Иосифу краска бросилась в лицо, он не переводил, медлил.
— Ну же, Иосиф, она не производит впечатления слабой. Я хочу видеть, как она это переживёт, друг мой. Я не зверь. Так складываются обстоятельства.
Иосиф перевёл. Брошенный в сторону Пилата негодующий и презрительный взгляд женщины, на месте которой другая бы испугалась, казалось, доставил прокуратору искреннее удовольствие.
— Итак, — продолжил он. — У Марии есть брат. А брата зовут Лазарь…
Вот теперь, ещё до перевода Иосифа, её зацепило. Всполох ужаса промелькнул в глазах. Но тут же исчез. Она продолжала ровно и прямо сидеть на краю ложа, в ногах у мужа, лицо её оставалось безмятежным. Пилат искренне сожалел о том, что придётся с ней сделать. Она была достойна сожаления, такая молодая, красивая и мужественная. Ну не любил он сражаться с женщинами без крайней на то необходимости, а такая необходимость была налицо. И это вдруг разозлило его, и он перестал её щадить и стал излагать свои мысли быстро, чётко, отсыпая слова горстями. Иосиф даже взмок от напряжения, пытаясь поспеть за ним.
— Именно Лазарь подходит для роли умершего и воскрешённого более всех. Он молод, и смерть его должна потрясти и вызвать сочувствие, а воскрешение — обрадовать.
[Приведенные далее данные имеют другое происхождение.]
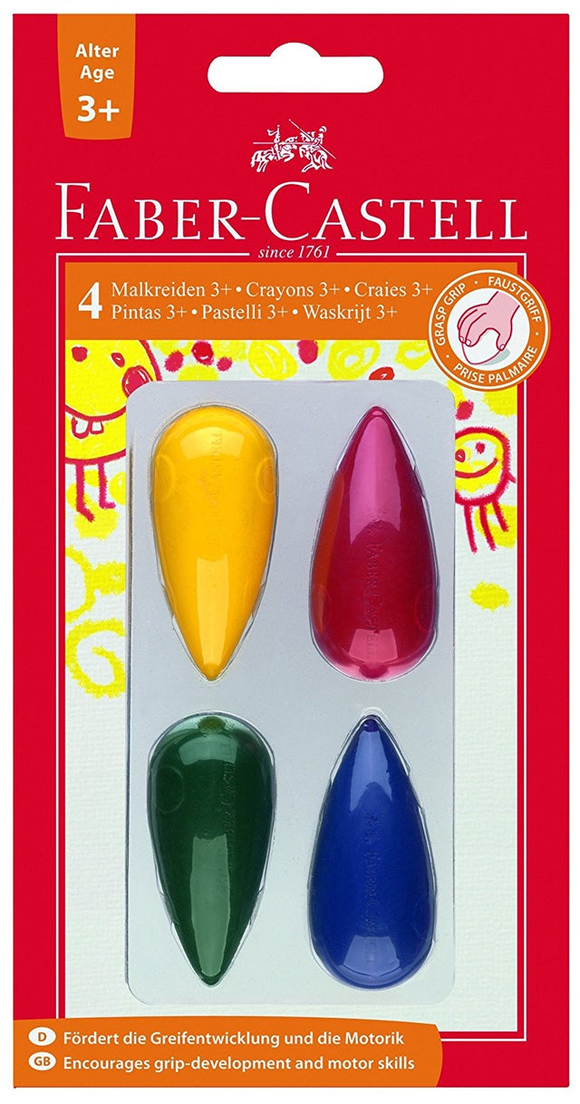 Budding artists between the age of 3 and 6 love to experiment by drawing on different surfaces. Crayons are a great way of drawing on large surfaces, with their soft stroke and bright colours. Their ergonomic finger shape makes the crayons 3+ ideal for children age 3 and above.They encourage the transition from a fist grip to a four-finger grip.The bright colours can be easily rubbed out with the eraser and little hands stay clean. Pack of 4 “bulb” shaped crayons.
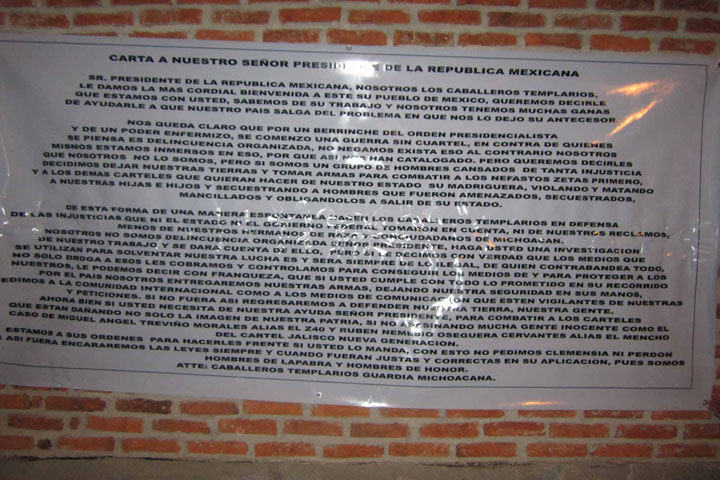 Dichos rótulos rezaban textualmente: "Carta a nuestro señor presidente de la republica mexicana. Sr. Presidente de la republica mexicana, nosotros Los Caballeros Templarios, le damos la más ... Ver más...

У него есть сёстры, по крайней мере одна из них будет посвящена в нашу общую тайну, это облегчит нам жизнь, не правда ли? У этой сестры есть опыт лицедейства, она бывшая жрица, ей не привыкать к тому, что надо порыдать на людях. Когда архигалл[81] ведёт процессию к храму, жрицы заливаются плачем, и рыдают, и рвут на себе одежду так, словно именно с ними, а не с их Богиней случилось горе — потеря любимого. Ормус говорил, что жрицы Ашторет рыдают над Таммузом. Мария удачно изобразит нам всё нужное, не так ли?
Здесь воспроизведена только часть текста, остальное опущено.